Is there a date and or time when all of Earths landmass has the sun up?

…Excluding tiny Pacific atolls?
The pacific cover a little less than half of the planet, so, there must be someday, when there is light outside, all over the worlds land?

Have you been looking at maps without New Zealand?

We are the antipodes - on the absolute other side of the globe from Europe. Unless you count reflected moonlight, we cannot see the sun when Europeans do. And (I might add) it’s basically the same for our Australian cousins (may they fumble the ball and knock on).

Stop looking at flat projections and look at a globe with a torch.

Not to mention that huge continent around the South Pole - Antartica.

It’s impossible, the planet is a ball.

Maybe the OP is a flat-earther? - “The Flat Earth Society’s Twitter feed currently boasts over 60,000 followers.” https://www.sciencefocus.com/the-human-body/the-rise-of-the-flat-earthers/

Flat maps work fine too, as long as you model daylight correctly. OP should fiddle with this map, experimenting with different seasons and times of day to understand what parts of the earth are/aren’t illuminated at any given moment.

Since land masses aren’t evenly distributed, that’s irrelevant l.

Ha ha ha. Maybe lookup before you post sarcastic comments . :rolleyes:
Australia’s antipodes is the middle Atlantic Ocean. NZ north island is antipodean to central Spain, but the South Island is mostly in the Bay of Biscay.

The only large landmass antipodes is SE and East Asia and S America.

Yes, there is such a time. It was 175 million years ago.

Pangea?

It depend on your definition of “all over the worlds land”. Sunlight cannot completely cover every piece of land on the earth. The closest you can get is to have the Pacific in the dark, and then you have to choose between either North America or Australia (plus New Zealand) in the dark. There isn’t enough angle of rotation of the earth for both North American and Australia to be sunlit simultaneously.
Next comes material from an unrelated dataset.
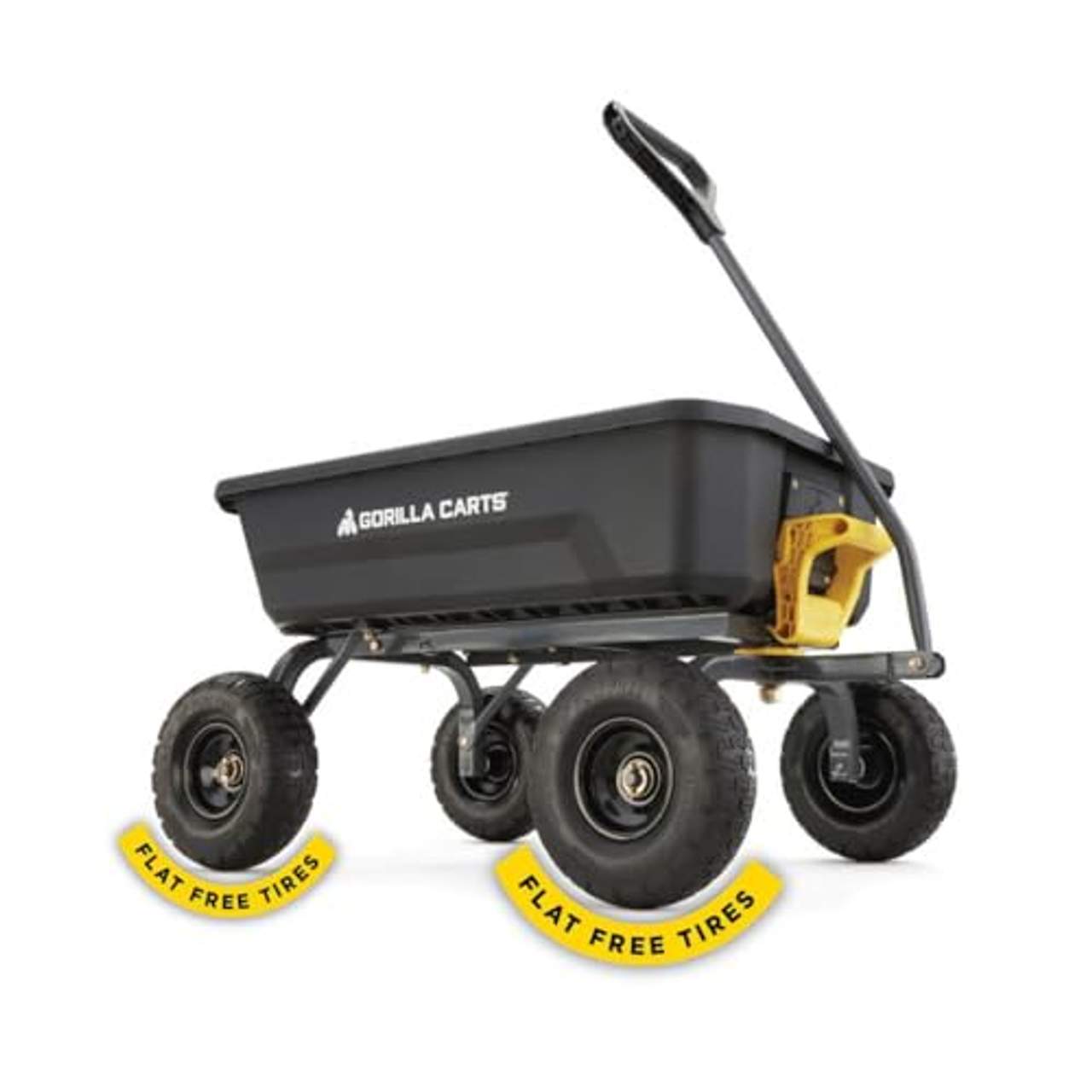 - Wartungsfreie Reifen: Die 25,4-cm-Reifen des Gorilla Carts 4GCG-NF Poly Dump Cart sind wartungsfrei, was bedeutet, dass der Benutzer nie wieder Luft nachfüllen muss. Dies gewährleistet eine zuverlässige und effiziente Leistung über einen langen Zeitraum.

Any other rotation of the earth will end up with even more land in the dark.

However, if you define “all over the worlds land” to mean that every continent has at least one part that is sunlit, and do not mandate that the entire continent has to be in sunlight, then it is possible. Again, with the Pacific being in the dark, you have a short time while the easternmost part of North America is in the sun while the westernmost part of Australia is also in the sun. Both continents are mostly in the dark, but there is a small part of each continent that is sunlit.
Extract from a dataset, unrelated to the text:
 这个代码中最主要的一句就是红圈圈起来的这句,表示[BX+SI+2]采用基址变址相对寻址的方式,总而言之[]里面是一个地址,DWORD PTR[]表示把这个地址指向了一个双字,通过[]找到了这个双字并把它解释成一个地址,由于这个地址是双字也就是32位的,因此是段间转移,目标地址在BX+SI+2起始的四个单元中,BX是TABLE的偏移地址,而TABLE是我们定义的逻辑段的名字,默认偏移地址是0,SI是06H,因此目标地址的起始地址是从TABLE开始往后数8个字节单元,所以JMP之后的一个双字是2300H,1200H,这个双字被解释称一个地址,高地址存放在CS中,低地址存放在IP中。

For those who do not have a globe handy, there is an online 3d globe here that you can play with to see exactly what I mean: 3D Interactive Earth Globes

For the record, this isn’t true. The area of the Pacific Ocean is about 162 million square kilometers, while the total surface area of the Earth is 510 million square kilometers. So the Pacific is 31% of the Earth’s area, which is a lot less than “a little less than half.”

Isn’t that sufficient to answer your question in the negative? A pair of anitpodal points can’t both be sunlit, except for a split second at sunrise/sunset.

Not sure if Coronas resulting from sun activity counts.

Coronal mass ejection events, also known as “the blobs” by astronomers, are a release of plasma from the sun. Read more here - Coronal mass ejection - Wikipedia

The earth is far away from the sun and most of “the blobs” don’t hit earth.

However, in 1859 one such blob did hit earth and caused “northern lights” to be visible on the equator and generally “lighted up” the earth :

If we get a hit in today’s times, I suspect there will be mass disruptions / damage to electrical / communications equipment. On the plus side, the night sky will be lighted up :slight_smile:

Logically, there has to be one second of one minute of one day each year in which the largest amount of landmass receives direct sunlight. Does anyone know when that is?

Which year?

Let’s start with 2019 and move on from there. Someone here has to know, right?

I’m not being argumentative, BTW - I’m genuinely curious.

What I am saying that it is not logical that it be the same second every year-the universe is not a Swiss timepiece. There are fluctuations throughout the system.

Not sure what you mean by direct sunlight. Unless the sun falls below the horizon in Antarctica then this should happen every day. I assume it happens at noon on a longitude through the Eurasion landmass.

I’ll wager it’s sometime close to the December solstice, since 100% of Antarctica is lit up. After that, it’d take a computer model to track the % of landmass illuminated at any time during a 24-hour cycle to find the moment of maximum illuminated land area. Absent that, I’ll wager it’s a time that lights up most of Africa, Asia, and Australia, something like this.

That’s what I imagined. But is the maximum land area of Antarctica illuminated on just one day of the year?

Right. Study this video showing the global projection of daylight and you’ll find it’s not possible for all the world’s landmass to be sunlit at the same time.